Natalia Csoregi [:nataliaCs]

Comment 1

•

3 years ago

Caused by Bug 857668.
Byron, could you help us out with this one?
Thank you.

Flags: needinfo?(docfaraday)

Byron Campen [:bwc]

Assignee

Comment 2

•

3 years ago

At first blush, it looks like the machine this is running on is simply too slow to run the test case in the time allotted. I'll look into it today.

Assignee: nobody → docfaraday

Flags: needinfo?(docfaraday)

Byron Campen [:bwc]

Assignee

Comment 3

•

3 years ago

https://treeherder.mozilla.org/#/jobs?repo=try&revision=26de5e0c06f8404db3154386c1742937161cac11

Byron Campen [:bwc]

Assignee

Comment 4

•

3 years ago

https://treeherder.mozilla.org/#/jobs?repo=try&revision=253c0f5ae7f1b588ab23b8045f0148e5df8b1154

Byron Campen [:bwc]

Assignee

Comment 5

•

3 years ago

https://treeherder.mozilla.org/#/jobs?repo=try&revision=c80902d2f0873d4e83aba337ff1f198597608fa6

Comment hidden (Intermittent Failures Robot)

Jan-Ivar Bruaroey [:jib] (needinfo? me)

Comment 7

•

3 years ago

I feared 2000 ms was too aggressive.

BugBot [:suhaib / :marco/ :calixte]

Comment 8

•

3 years ago

Set release status flags based on info from the regressing bug 857668

status-firefox89: --- → unaffected

status-firefox90: --- → affected

status-firefox91: --- → affected

status-firefox-esr78: --- → unaffected

Byron Campen [:bwc]

Assignee

Comment 9

•

3 years ago

Every time I try to run test-windows10-aarch64/opt-mochitest-media-gli-e10s on try, it gets an exception. Trying the base revision to see if somehow the fixes I'm trying are the cause.

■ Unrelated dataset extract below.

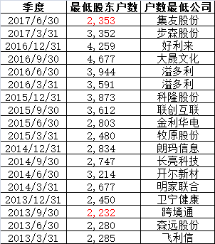 从最低股东户数来看,目前最低股东户数的公司是集友股份,今年1月份上市的一只次新股,持股的股东户数仅为2353户。已经降到2013年9月底的水平,创出近4年来新低。

https://treeherder.mozilla.org/#/jobs?repo=try&revision=5add3afa72214cef193a9f690df6732e76c7cb6a

Edit: mochitest job has been queued for 1413 minutes. What's going on here?

Byron Campen [:bwc]

Assignee

Updated

•

3 years ago

Flags: needinfo?(ahal)

Byron Campen [:bwc]

Assignee

Comment 10

•

3 years ago

I can't fix this if I can't run our test suite at all on try.

Keywords: stalled

Andrew Halberstadt [:ahal]

Comment 11

•

3 years ago

I think that Windows aarch64 platform is very limited and it looks like in this case there weren't any workers available to claim the task before the task deadline was exceeded. Actually looks like this pool is labeled "experimental" and consists of only a single laptop (one of the two workers listed there is quarantined)?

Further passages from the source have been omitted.